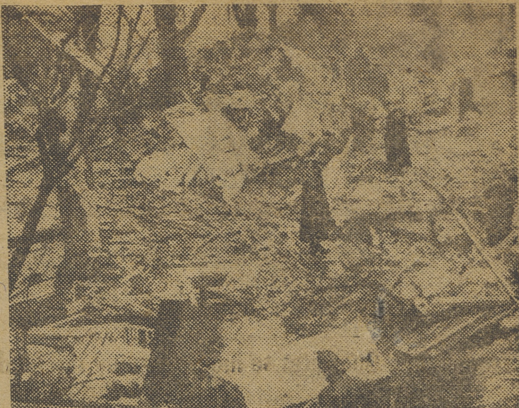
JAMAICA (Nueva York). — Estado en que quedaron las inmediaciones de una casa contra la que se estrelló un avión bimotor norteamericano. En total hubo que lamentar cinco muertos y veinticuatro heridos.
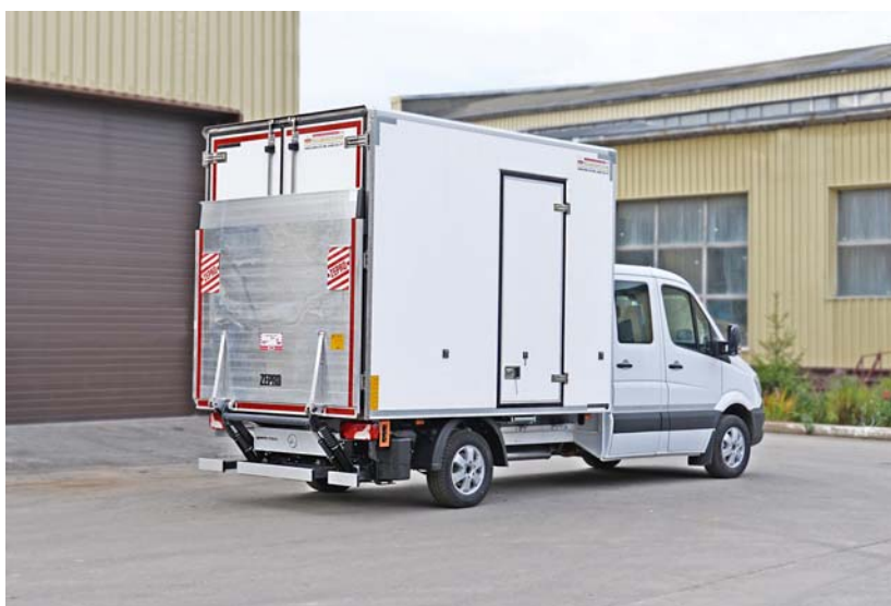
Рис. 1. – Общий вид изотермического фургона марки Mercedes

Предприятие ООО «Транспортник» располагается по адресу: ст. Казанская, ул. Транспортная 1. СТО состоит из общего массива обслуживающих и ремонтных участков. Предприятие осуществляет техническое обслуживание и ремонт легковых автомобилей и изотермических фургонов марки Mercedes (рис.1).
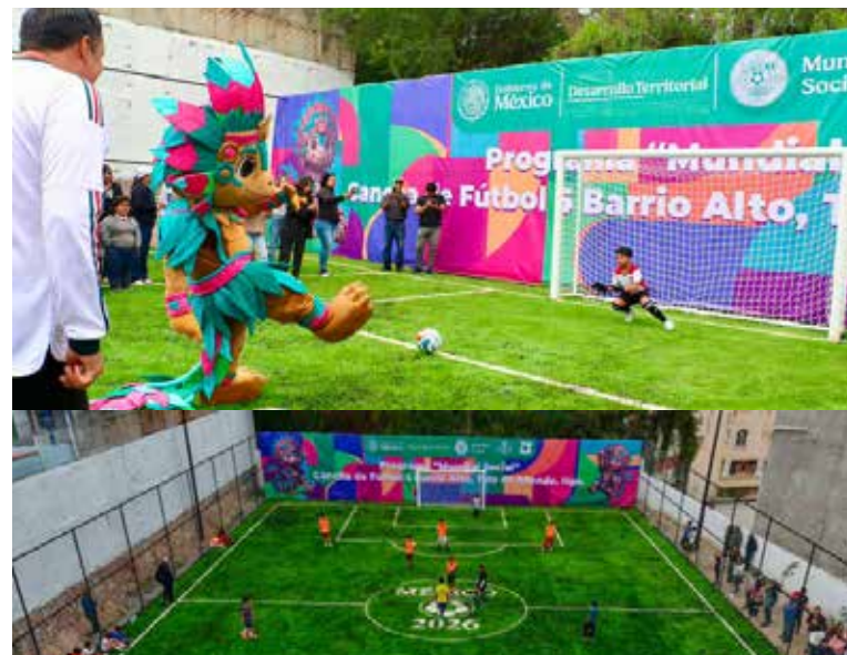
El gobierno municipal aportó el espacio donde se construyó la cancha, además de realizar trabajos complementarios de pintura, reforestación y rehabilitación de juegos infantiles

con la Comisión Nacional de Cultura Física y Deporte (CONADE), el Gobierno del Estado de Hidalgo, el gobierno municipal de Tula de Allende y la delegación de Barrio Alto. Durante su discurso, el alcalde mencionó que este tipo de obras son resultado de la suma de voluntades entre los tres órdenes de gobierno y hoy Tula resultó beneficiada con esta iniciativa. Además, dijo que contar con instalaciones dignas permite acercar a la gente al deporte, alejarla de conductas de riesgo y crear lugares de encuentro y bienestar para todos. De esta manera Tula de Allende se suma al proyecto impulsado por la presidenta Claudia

• _ASSIGNMENT_
Copy, from the lines above, each one that holds "Estado".

• _EXERCISE RESULT_
JAMAICA (Nueva York). — Estado en que quedaron las inmediaciones de una casa contra la que se estrelló un avión bimotor norteamericano. En total hubo que lamentar cinco muertos y veinticuatro heridos.
con la Comisión Nacional de Cultura Física y Deporte (CONADE), el Gobierno del Estado de Hidalgo, el gobierno municipal de Tula de Allende y la delegación de Barrio Alto. Durante su discurso, el alcalde mencionó que este tipo de obras son resultado de la suma de voluntades entre los tres órdenes de gobierno y hoy Tula resultó beneficiada con esta iniciativa. Además, dijo que contar con instalaciones dignas permite acercar a la gente al deporte, alejarla de conductas de riesgo y crear lugares de encuentro y bienestar para todos. De esta manera Tula de Allende se suma al proyecto impulsado por la presidenta Claudia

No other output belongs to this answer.